The second trigger was another - larger - event HCSS co-organized with TNO and Granaria called the World Foresight Forum, in which I had the pleasure to chair a fascinating panel on foresight in ICT (one of the panelists, Venkatesh 'Venky' Hariharan from Google India wrote an interesting blog entry on this panel and the forum). I had first raised the idea of setting up a foresight forum (which I affectionately called  'FoFo') with HCSS in 2008. Building on our growing HCSS research portfolio in the area of security foresight, my idea was first and foremost to organize a more security-focused alternative to 'Davos'  (which still focuses primarily - although not exclusively - on economic issues) and secondly - and in my mind even more importantly - to make security foresight more 'balanced', also in the sense that security foresight should look at both 'downside risks' AND upside risks.

I was at not at all involved at all in the organization of the conference, and when I did see the final plans I  - as usually - was not surprised but still despaired about the way we 'framed' the whole conference. The 'Themes' (which are still up on the website) that were defined for the conference fully exuded the 'gloom and doom boom' that securistas have been peddling. In the current time period, this particular way of framing the future only pushes the profound disorientation that many people are experiencing into a much more negative direction than is warranted or desired. I have noticed time and time again the self-defeating tendency of the security and the defence community (and mostly the intellectuals, NOT the actual practitioners - whether they be soldiers or police officers) to focus on the negative at the expense of the positive. 

venky

In most countries innovation policy is typically framed as being about improving something (quality of life, GDP, GDP/cap,....) NATIONALLY by stimulating innovation NATIONALLY - primarily AGAINST others (making sure we stay 'ahead' by doing/producing/... things HERE faster, smarter, cheaper, ... THAN..., etc.) In management guru-talk, it's always been much more about competitive advantages (Porter) than about open innovation (Chesbrough). Incidentally, open innovation is NOT a changey-hopey kind of thing, but it is opening up out of calculated self-interest. Proctor and Gamble did NOT open up it patents or IBM does not license its IP to partners and competitors alike for the good of mankind, but to make more money this way.
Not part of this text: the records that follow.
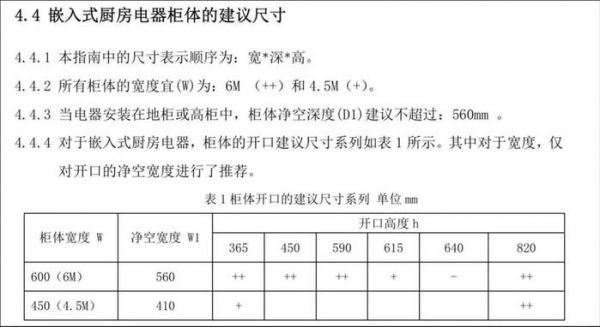 因此在指南中,不仅涉及到嵌入式电器自身的尺寸、安装、电气配置、水路配置的建议,同时还包括了嵌入式厨房电器柜体的建议尺寸、开口高度、宽度等,可以说对于家电行业以及配套的家居行业都做到了有效的指导,同时无论是生产厂家亦或是消费者,都提供了购买、制造的参考。
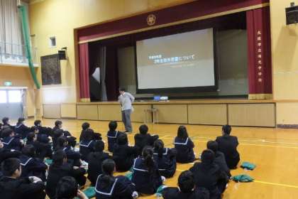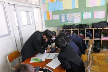 今日の5、6限目から2年生の校外学習の取り組みがスタートしました。まず5限は体育館で全体でオリエンテーション。一日乗車券を使って大阪市内の施設巡りをすることが伝えられました。そして6限は各クラスに分かれて、タブレットを使いグループごとに自分たちの行く施設を決めたり、グループの決めたり、コースを考えたりしました。
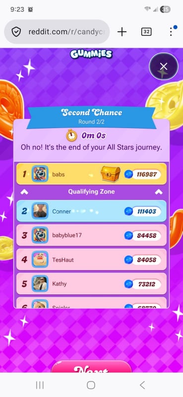 This was round 2 of the second chance, so only 24 hours. Note this score is significantly higher than the scores in Christine's board. My suspicion is that this means Christine was right in talking about number of levels completed or blue candies collected required to get the advantage of the VCR effect. Score alone doesn't do it. I assume this person used tokens to get this score, and apparently that wasn't enough. If Christine's theory is correct, you will need to crush lots of blue candies to get the guaranteed pass, not just get a high score through good use of multipliers.
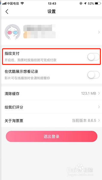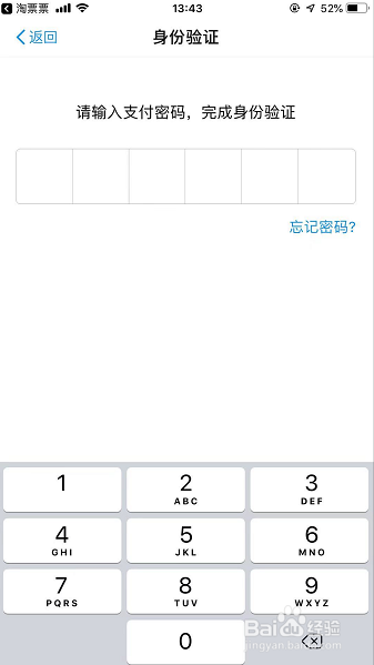 然后输入支付宝的支付密码完当作身份验证,验证完当作后,淘票票的指纹支付功能即被开通!

But so to me personally, innovation is not - and should not be - an aim in and of itself. The ultimate ('distal') goal should always be to improve the quality of life of the people living within one's jurisdiction in the sense of giving individuals more opportunities to realize their innate potential. In the case of the country in which I have now been living for 12 years: how we can stimulate innovation that will benefit the lives and the development potential of the inhabitants of the Netherlands. But I really wonder whether our proximal goals for national innovation - the way in which we currently frame our innovation ambitions - are in sync with our distal ones.
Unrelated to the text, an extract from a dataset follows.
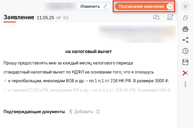 Сформируется заявление, которое необходимо подписать. Для этого нажмите кнопку "Подписание заявления" - "Подписать"
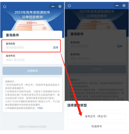 2.可通过选择“查询类型”是准考证号(考生号)或快递单号并输入对应查询号码进行查询。

As I delved into the literature, I was struck by the fact that it is still overwhelmingly OECD-based, as though there were no innovation elsewhere. I suggest that those who need convincing take a look at this youtube-video
    • lit talks about horizontal innovation ('ok' - investing in R&D, fostering high-tech skills) and vertical innovation ('not ok' - favouring specific sectors and companies ) - but still all 'national <-> maybe 'forward innovation' (through ecosystems) smarter?
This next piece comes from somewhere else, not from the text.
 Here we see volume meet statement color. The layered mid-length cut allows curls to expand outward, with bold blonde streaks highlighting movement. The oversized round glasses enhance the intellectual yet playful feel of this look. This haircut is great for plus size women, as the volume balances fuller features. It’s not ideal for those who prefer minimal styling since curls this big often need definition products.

    • greatest potential for growth (and thus for return on innovation investment (ALSO for the investor!!!!)) is NOT in the EU, but elsewhere
    • Gerschenkronian advantages of backwardness were 'natural' (i.e. NOT competitive/Porterian); but we could even artificially (a-la Porter) stimulate this leapfrogging (by developing (/investing in) 'high-tech' solutions to 'backwards' problems)
    • => if we want to improve NATIONAL levels of x, y, z -> invest in promising 'innovation ecosystems' ABROAD (will create more wealth - both 'there' and (thus) 'here')
    • [also refer to John Kay's nice new book about 'obliquity']
    • step beyond 'new structural economics' (idea that 'old' industrial policy was bad; but 'new' industrial policy ok)
    • some principles:
      • should be in step with a national economy’s comparative advantage (see current KIA-priorities)
      • facilitate, don't steer
      • should be OUTWARD-looking (with government 'new style' support)
      • not only physical, but also social technologies [Nelson] (e.g. most of the research behind the iPod was done by other firms, but Apple reaped huge profits from its skill in design, systems integration and marketing)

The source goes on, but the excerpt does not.